Alternatively, as shown in FIG. 6, the liquid supply groove 11 may be formed in a spiral shape that deviates rearward in the rotational direction of the base metal toward the outer circumference of the base metal. By doing so, the flow path resistance of the liquid supply grooves 11 can be reduced, and the amount of grinding liquid flowing through the liquid supply grooves 11 can be further increased.

Further, the width of the liquid supply groove may be made narrower from the center of the radius of the base metal to the outer peripheral edge, thereby increasing the amount of grinding liquid supplied to the center of the radius of the grindstone, which is particularly prone to clogging. I can do it.

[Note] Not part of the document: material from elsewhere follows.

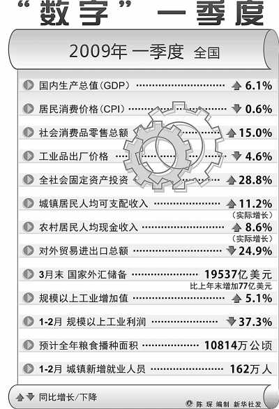 與上年同期比,一季度GDP6.1%的增長(zhǎng)幅度回落了4.5個(gè)百分點(diǎn),雖然不是個(gè)漂亮的數(shù)字,但放在金融危機(jī)的大背景下看,各個(gè)方面都會(huì)承認(rèn)這是一個(gè)來之不易、好于預(yù)期的增長(zhǎng)速度。細(xì)讀統(tǒng)計(jì)數(shù)據(jù)的8個(gè)部分,國(guó)民經(jīng)濟(jì)運(yùn)行的積極變化顯而易見。國(guó)家統(tǒng)計(jì)局新聞發(fā)言人李曉超用兩個(gè)“穩(wěn)”、兩個(gè)“快”、三個(gè)“高”和三個(gè)“縮小”,來概括這種積極變化的幾個(gè)方面。

Further, in the embodiment described above, the cross section of the liquid supply groove 11 is U-shaped, but it may be U-shaped, V-shaped, semicircular, or the like.

Furthermore, the same effect can be obtained with a double-headed grindstone in which the grindstone tip is not a rectangular parallelepiped but has a disk shape or the like.

"Effect of the invention" The double-headed whetstone of the present invention has a liquid supply groove formed on the surface of the base metal to which the whetstone chip is fixed, which extends from the axial center of the base metal toward the outer periphery and passes under the whetstone chip. The following effects can be obtained.

When the grinding fluid is supplied to the shaft center portion, a portion of this grinding fluid passes through the fluid supply groove and flows out from between all the grinding wheel chips located above the fluid supply groove. This makes it possible to effectively wash away the shavings that accumulate between each grindstone chip and prevent the grindstone from clogging. Therefore, even when used for a long time to grind relatively soft work materials such as ferrite, the sharpness does not deteriorate and the grinding efficiency can be improved.

The liquid supply groove in this double-headed grindstone can be formed by cutting the base metal from the surface side with an end mill, etc., so it is easier to form than the liquid supply groove of a conventional double-headed grindstone, which is formed inside the base metal with a drill. It does not take much time, the processing cost is low, and it can be easily implemented even when the base metal is large.

The liquid supply groove is formed in the base metal, and the grinding liquid flows directly from the liquid supply groove to between the grinding wheel chips, so by replacing the simply configured grinding wheel chips, it can be used repeatedly and costs can be reduced. be able to.

[Brief explanation of the drawing]

Figures 1 to 4 show a part of a double-headed grindstone according to an embodiment of the present invention, in which Figure 1 is a plan view of the grinding surface of the double-headed grindstone, and Figure 2 is a cross-section taken along the - line in Figure 1. 3 is a perspective view of the main part, and FIG. 4 is a view taken along the arrow in FIG. 3. 5 and 6 are a sectional view and a plan view of the grinding surface of a double-headed grindstone according to another embodiment of the present invention, respectively. moreover,
Fig. 7 is a plan view showing the usage state of a general double-headed grindstone, Fig. 8 is a plan view of the grinding surface of a conventional double-headed grindstone,
FIG. 9 is a sectional view taken along the - line in FIG. 8, and FIG. 10 is a sectional view of another conventional double-headed grindstone. 2...Whetstone tip, 5...Chip mounting groove, 10
...Base metal, 11...Liquid supply groove, 11A...End of liquid supply groove.

Claims (1)

[Claim for Utility Model Registration] A plurality of mounting grooves for grinding wheel chips are formed concentrically on each of the opposing surfaces of the base metals on a pair of discs arranged oppositely, and a large number of grinding wheel chips are installed in the mounting grooves. In the bonded double-headed grindstone, a surface of each of the base metals to which the grindstone chips are fixed is provided with a groove that extends radially from the axial center of the base metal toward the outer circumference, crosses each of the mounting grooves, and is deeper than the mounting grooves. A double-headed whetstone characterized by the formation of liquid grooves.